Studio album by John Coltrane
- Released: February or March 1961
- Recorded: May 31, 1957; August 16, 1957; January 10, 1958;
- Studio: Van Gelder Studio Hackensack, New Jersey
- Genre: Jazz
- Length: 36:39
- Label: Prestige PRLP 7188
- Producer: Bob Weinstock

John Coltrane chronology
| Coltrane Jazz (1961) | Lush Life (1961) | My Favorite Things (1961) |

= Lush Life (John Coltrane album) =

Lush Life is a studio album by the jazz musician John Coltrane. It was released in early 1961 by Prestige Records. It was assembled from previously unissued tracks from three recording sessions at Van Gelder Studio in Hackensack, New Jersey in 1957 and 1958. As Coltrane's profile increased during the 1960s, some years after the end of his Prestige contract, the label used unissued recordings to create new albums without Coltrane's input or approval.

==Reception==

In a review for AllMusic, Lindsay Planer called the album "among John Coltrane's best endeavors on the Prestige label," and praised the title track, stating that "it is rightfully considered as one of Coltrane's unqualified masterworks," and commenting: "Coltrane handles the tune's delicate complexities with infinite style and finesse. Garland similarly sparkles at the 88s, while Byrd's solo offers a bit of a tonal alternative."

DownBeats Dave Cantor also singled out the title track for praise, stating that it "punctuates the bandleader's ability to transcend time and place," with Coltrane "display[ing] an ability to synthesize the tune's lyrical content while still personalizing its message."

Regarding the trio tracks, the authors of The Penguin Guide to Jazz Recordings noted that bassist Earl May "is too anonymous a player to go the extra yard required for this exacting discipline," and warned that "there are unexpected inconsistencies of register and articulation in Coltrane's own performances."

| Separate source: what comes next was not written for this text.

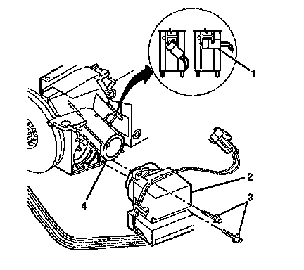 2. Install the ignition switch assembly connector (1) onto the ignition lock cylinder case (4).

David Rickert of All About Jazz stated that the album "is as good a place as any to start exploring the early days of Trane," and commented: "the record documents Coltrane's rapid growth over a short period of time while also showcasing how great a talent Coltrane was, even at this early stage."

In an article for The Absolute Sound, Wayne Garcia described the album as "consistently fabulous," and remarked: "The sound is exceptionally detailed, present, and airy, with gorgeously rich instrumental tones and textures, excellent dynamic scaling, and a notable lack of groove noise that brings these performances to goose bump-raising life."

Flophouse Magazines François van de Linde wrote: "Prestige didn't have the decency to consult Coltrane in the matters of organising a record release. However, as both a longtime Coltrane fan and vinyl freak, I'm glad those 'crumbs' of Coltrane saw the light of day in 1961."

Matt Fripp of JazzFuel stated that the album "documents a pivotal point in [Coltrane's] development," and commented: "Whilst it may have been an exercise in money-making from the label... it is still a highly valuable and exciting insight into the career of a jazz great... an essential addition to any Coltrane collection."

Professional ratings
Review scores
| Source | Rating |
| The Absolute Sound | Star |
| AllMusic | Star |
| DownBeat | Star |
| The Penguin Guide to Jazz | Star |
| The Rolling Stone Jazz Record Guide | Star |

==Track listing==

Side one
| No. | Title | Writer(s) | Date recorded | Length |
|---|---|---|---|---|
| 1. | "Like Someone in Love" | Jimmy Van Heusen | August 16, 1957 | 5:00 |
| 2. | "I Love You" | Cole Porter | August 16, 1957 | 5:33 |
| 3. | "Trane's Slow Blues" | John Coltrane | August 16, 1957 | 6:05 |
| Total length: |  |  |  | 16:38 |

Side two
| No. | Title | Writer(s) | Date recorded | Length |
|---|---|---|---|---|
| 1. | "Lush Life" | Billy Strayhorn | January 10, 1958 | 14:00 |
| 2. | "I Hear a Rhapsody" | Jack Baker; George Fragos; Dick Gasparre; | May 31, 1957 | 6:01 |
| Total length: |  |  |  | 20:01 36:39 |

==Personnel==

=== May 31, 1957 ("I Hear a Rhapsody") ===

- John Coltrane – tenor saxophone
- Red Garland – piano
- Paul Chambers – bass
- Albert Heath – drums

=== August 16, 1957 (Side one) ===

- John Coltrane – tenor saxophone
- Earl May – bass
- Art Taylor – drums

=== January 10, 1958 ("Lush Life") ===
- John Coltrane – tenor saxophone
- Donald Byrd – trumpet
- Red Garland – piano
- Paul Chambers – bass
- Louis Hayes – drums

==See also==
- John Coltrane and Johnny Hartman (1963) includes a version of the Strayhorn song 'Lush Life' with Johnny Hartman's vocal.